What We Do in the Shadows Blu-ray review

“Every few years a secret society in New Zealand gathers for a special event: The Unholy Masquerade. In the months leading up to the ball, a documentary crew was granted full access to a small group of this society.”

Armed with crucifixes, the documentary crew meets the group: Viago (Taika Waititi, 2011’s GREEN LANTERN), Vladislav (Jemaine Clement, FLIGHT OF THE CONCHORDS, Deacon (Jonathan Brugh, 2012’s HOW TO MEET GIRLS FROM A DISTANCE) and Petyr (Ben Fransham, who appeared on the TV series LEGEND OF THE SEEKER), four vampires with a combined age of 9,424 (mostly because of Petyr, who is a ripe 8,000 and bears a striking resemblance to Count Orlok).

What We Do in the Shadows

These are not your typical vampires. Sure, they still prowl at night and suck the blood from their prey, but they also have flat meetings and argue over who should do the dishes. Early on, Viago suggests bringing Petyr a broom so he can sweep up some of the bones in the basement. While the crew is shooting the project for The New Zealand Documentary Board, they capture the vampires sharing their stories, sealing the deal with their victims and adapting to technologies their seclusion has robbed them of (when introduced to Google, one wishes to find out the location of a silk scarf he lost in the early 1900s).

What We Do in the Shadows

Both the mockumentary shtick and the compulsion to hurl vampire movies at the screen are running thin, and so even the casually interested viewer might be cautious. But WHAT WE DO IN THE SHADOWS makes good use of both, using both less as a crutch than means to have fun. The movie doesn’t just try to play off of clichés; it is quite clever in presenting them and skewing them so as to earn a genuine laugh from the audience. Take, for example, when, instead of seeing how they look in a mirror, the vampires take turns making sketches of one another.

What We Do in the Shadows

Under the watch of writer-directors Waititi (whose 2003 TWO CARS, ONE NIGHT earned an Oscar nomination for Best Original Short) and Clement, who adapt their own 2006 short, WHAT WE DO IN THE SHADOWS is a consistently funny and astute work that sidesteps the obvious and avoids repetition. They, like the rest of the cast, is confident in what will stick and how to approach the gag, and, with very few exceptions, they’re right.

What We Do in the Shadows

WHAT WE DO IN THE SHADOWS certainly deserves to find an audience. It is one of the more clever entries in either of its targeted genres. How interesting that the most satisfying vampire movie since Sweden’s LET THE RIGHT ONE IN would be a New Zealand comedy.

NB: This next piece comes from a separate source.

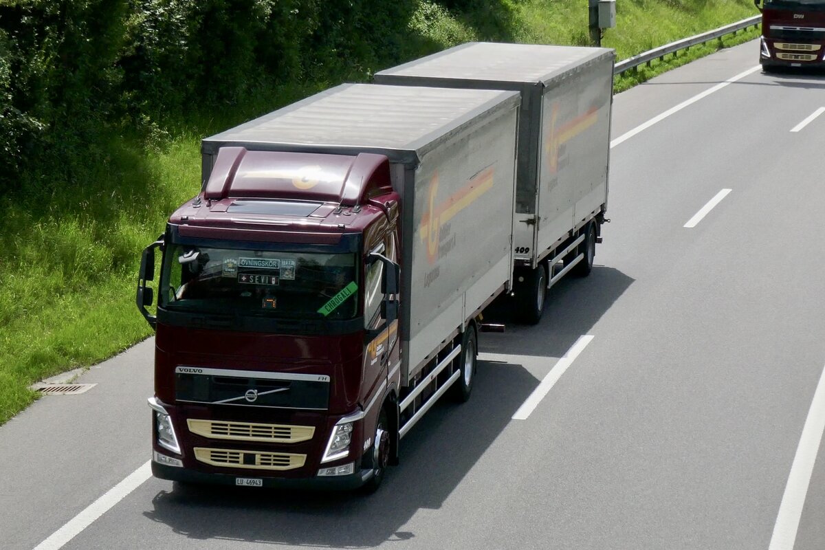 Ein Volvo Hängerzug von Galliker der am 28.6.24 unterwegs zum Trucker Festival ist auf der A8 in Matten b. Interlaken.

Video: 1.78:1 in 1080p with MPEG-4 AVC codec. Although the colors are fairly limited (especially in the flat), this is a solid presentation that offers fine details and strong black levels.

Audio: English 5.1 DTS-HD Master Audio. Subtitles in English. Dialogue is clean, the sound effects add atmosphere and the score comes through nicely.

Commentary by Jemaine Clement and Taika Waititi: Fans will enjoy this track, which features Clement and Waititi reflecting on the production.

Behind the Shadows (17:36) collects footage from the set to give viewers a behind-the-scenes look at the production, including a number of scenes being shot.

Video Extras (50:06): There are nine pieces here, which can be viewed separately or as a whole. They are: “Original Short Film,” “Erotic Deacon,” “Viago Sings,” “Vlad Paints,” “Vlad’s Poetry,” “Jackie the Familiar,” “Night Dentist,” “What Stu Does” and “Vampire & Werewolf Dance.”

Interviews (18:35): The following characters are interviewed separately: Deacon, Viago, Vladislav, Police, Werewolves and The Zombie.

Deleted Scenes (31:33): There are 12 here, which can be viewed separately or as a whole. They are: “Let Us In,” “Phone Hypnosis,” “Viago & Deacon,” “My Mate Stu,” “Trade Me,” “Nick’s Victims,” “Stu & Vlad,” “Stu & Witch,” “Nipple Eyes,” “Funeral,” “Stuneral” and “Chaining Stu.”

Promo Videos (6:39): There are six here: “Hobbies,” “Hypnosis,” “Feelings,” “Werewolves,” “Reflections” and “Going Out.”